Stepping into Your Loved-Ones Reality: Is it lying or compassion?

Vicky Pitner   -  

Who doesn’t enjoy being surrounded by people who make you feel understood and supported? The need to be validated is important to everyone, especially to those living with memory loss. But so often, care partners, friends, family, and even professionals who support people living with dementia or Alzheimer’s disease lack the understanding of the importance of recognizing that people with memory loss have thoughts, feelings, concerns, and wishes that need to be understood and validated.

At one time, “reality orientation” was the most common form of communicating with people living with dementia. The purpose of reality orientation is to disrupt cognitive decline by stimulating the confused individual by reinforcing name, date, time, and other facts. Trying to orient a person with significant memory loss is asking the person to do something they are not capable of.  Early on, “nursing homes” used colorful calendars and large clocks in each room so every time staff or family member entered the room, the person was prompted to be “grounded” in reality. Unfortunately this only caused distress and behavioral symptoms, as the person was really being asked to be in our reality. This still happens today with family members or caregivers who do not understand the importance of entering their reality, and arguments are constant.
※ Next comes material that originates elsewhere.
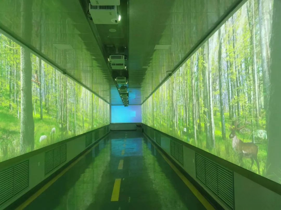以上如此酷炫多變的展廳投影,是上海音維科技為內(nèi)蒙古某礦場展廳做的室內(nèi)投影。我們根據(jù)園區(qū)內(nèi)的布局以及環(huán)境以及考慮到室外天氣等不確定因素,這次我們用了29臺迪恒KU570激光高清投影機(jī)打造,該激光高清投影機(jī)擁有5700lm高亮度,即使是在如此空曠、面積較大的場地,畫面依舊清晰亮麗。色彩區(qū)域達(dá)到REC.709色域標(biāo)準(zhǔn),色彩鮮艷真實,超高對比度使得畫面更通透細(xì)膩,景深豐富,無論是浩瀚宇宙還是繽紛花海都能完美呈現(xiàn)。為用戶帶來無與倫比的虛擬影像,將世界萬象盡收眼底,觀看效果更真實生動。
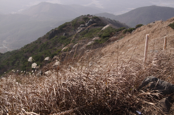 오서산 정상은 그때 기억을 더듬는 듯, 구름 속에 덮여 있는 주류성을 내려다보고 있지만, 얼방산에 있는 흰 구름은 부흥군의 아픈 역사를 아는지 모르는지 한가롭다. 후배들이 준비해온 홍어회 안주와 막걸리 한잔에 목을 축이고 약 2km에 걸쳐 길마처럼, 혹은 황소 잔등처럼 나우리치는 그 긴 둔덕에는 나무 한그루 없이 그대로 억새로만 뒤 덮혀 있지만, 때늦은 늦가을이라 출렁거리는 억새는 보이지 않고 앙상한 억새에 바람만 스친다. 능선을 따라 공사 중인 오서정을 지나 홍성군에서 세운 오서산 정상석을 만난다. 이렇게 오서산은 보령시와 홍성군 양대 시군에서 세운 정상석이 각각 한 개씩 두 개가 세워져 있다. 같은 산인데 지자제 경계가 다르다고 거대한 정상석을 두개씩이나 세워야 하는지, 이것이 우리나라 지자체의 병폐이고 단점이 아닐런지...

In the very early stage of memory loss, gentle reminders of the day of the week (reality orientation) can be helpful, but once the person becomes more confused and disoriented and believes and argues that it is Wednesday when it is Friday, validating their reality and redirecting works best.

“Validation therapy” is a proven, non-pharmaceutical method of communication developed by American social worker and gerontologist Naomi Feil. She was born in Germany, and her parents came to the US and she said she “was raised in a home for the aged,” where both parents held administrative positions.  She recognized even as a child that taking a more empathetic approach when communicating with the more confused residents kept them calmer and happier. Using validation therapy is a much kinder and more effective way to communicate and causes less stress and anxiety for everyone.

But is it lying? Many family members and friends feel being untruthful is wrong and they continue to correct, scold and argue with their family members, repeatedly asking them “why can’t you remember it is it 2021, not 1941?” Trying to convince a person with cognitive decline who claims “Christmas is coming” and correcting them that it is February and we just had Christmas, only confuses and frustrates them and this will often result in arguments and conflicts. Using the outdated method to keep people in ‘reality’ is especially difficult for the person when he/she is told of the death of someone they love. For example, confronting a family member who can’t remember the death of their mother 30 years ago each time they ask when “when is mother coming to visit,” is harmful to the person. “Reminding” the person that their mother is dead over and over is not helpful because hearing the news of the death is always hearing it for a first time, and grief can be overwhelming. Instead, just reminisce about their mother by “recalling” wonderful stories. When they ask about a visit from the mother, they are likely thinking about her and just want to share some memories.

So is being “in the moment” with your family member and providing comfort and security by validating their feelings really lying, or is it just showing compassion? The next time you are tempted to argue, “remind” or correct inaccurate comments from your loved-one such as when he/she is thinking Christmas is around the corner, ask yourself if is it more important for you to be correct and tell them it is February, or step into their reality, validate how much you both love Christmas, put on some holiday tunes and just “go with the flow.” Joining them in their reality can be a caring and joyful moment to share that you will remember forever.